- _Exercise objective_
Leave out the pictures and retype, exactly, the lines below from the line with "Kizárólag prémium minőségű, stabilizált" up to and including the line with "Technické údaje: Výška: 1700", nothing more.

- _Listed entries_
>>
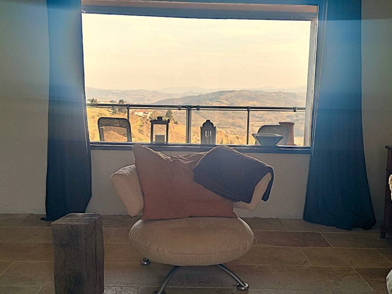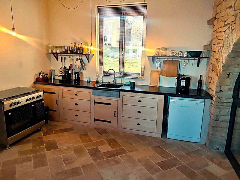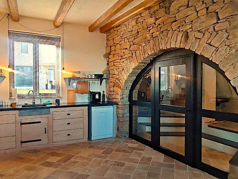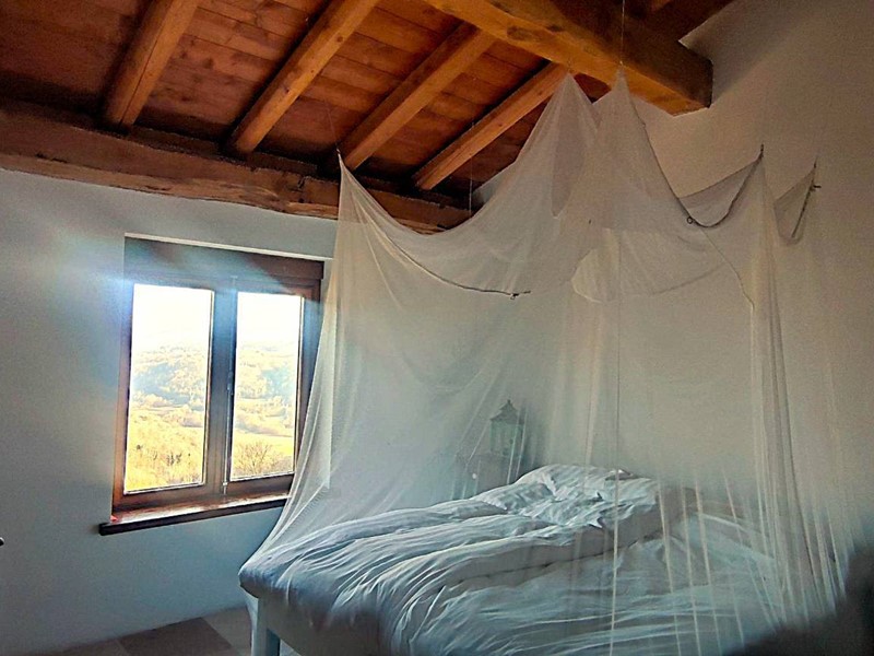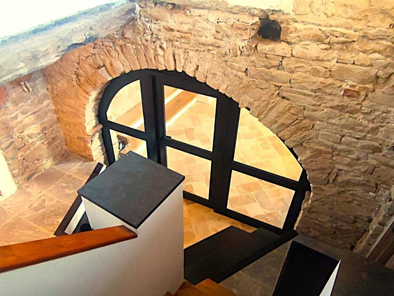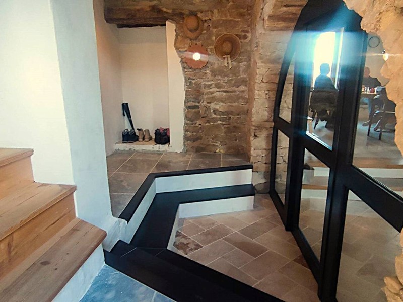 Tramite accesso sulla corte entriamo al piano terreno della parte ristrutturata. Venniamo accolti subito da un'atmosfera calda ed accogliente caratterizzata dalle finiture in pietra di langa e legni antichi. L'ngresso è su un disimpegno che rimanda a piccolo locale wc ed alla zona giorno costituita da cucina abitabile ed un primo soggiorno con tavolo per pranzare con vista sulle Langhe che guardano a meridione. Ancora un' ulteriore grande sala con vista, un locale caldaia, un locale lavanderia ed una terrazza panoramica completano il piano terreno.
<<
>>
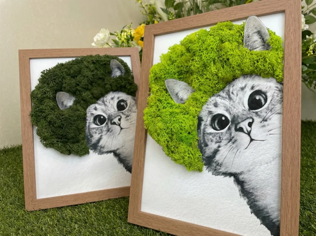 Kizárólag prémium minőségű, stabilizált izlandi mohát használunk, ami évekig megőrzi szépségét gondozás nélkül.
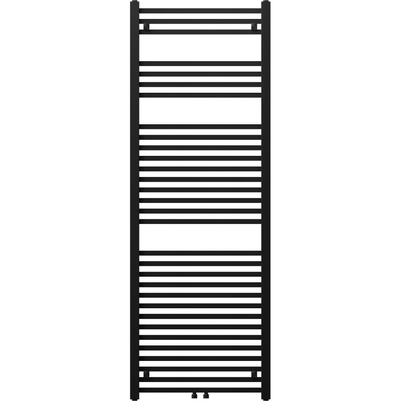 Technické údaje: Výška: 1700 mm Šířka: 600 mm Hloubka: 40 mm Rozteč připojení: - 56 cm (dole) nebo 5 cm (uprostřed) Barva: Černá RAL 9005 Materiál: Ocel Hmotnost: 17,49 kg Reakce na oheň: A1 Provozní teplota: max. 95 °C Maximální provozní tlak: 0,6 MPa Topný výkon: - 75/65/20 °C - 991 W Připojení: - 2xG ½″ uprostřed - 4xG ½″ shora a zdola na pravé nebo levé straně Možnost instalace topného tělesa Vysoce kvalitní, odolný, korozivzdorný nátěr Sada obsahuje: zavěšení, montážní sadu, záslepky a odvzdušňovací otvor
<<
- _Expected answer_
 Kizárólag prémium minőségű, stabilizált izlandi mohát használunk, ami évekig megőrzi szépségét gondozás nélkül.
 Technické údaje: Výška: 1700 mm Šířka: 600 mm Hloubka: 40 mm Rozteč připojení: - 56 cm (dole) nebo 5 cm (uprostřed) Barva: Černá RAL 9005 Materiál: Ocel Hmotnost: 17,49 kg Reakce na oheň: A1 Provozní teplota: max. 95 °C Maximální provozní tlak: 0,6 MPa Topný výkon: - 75/65/20 °C - 991 W Připojení: - 2xG ½″ uprostřed - 4xG ½″ shora a zdola na pravé nebo levé straně Možnost instalace topného tělesa Vysoce kvalitní, odolný, korozivzdorný nátěr Sada obsahuje: zavěšení, montážní sadu, záslepky a odvzdušňovací otvor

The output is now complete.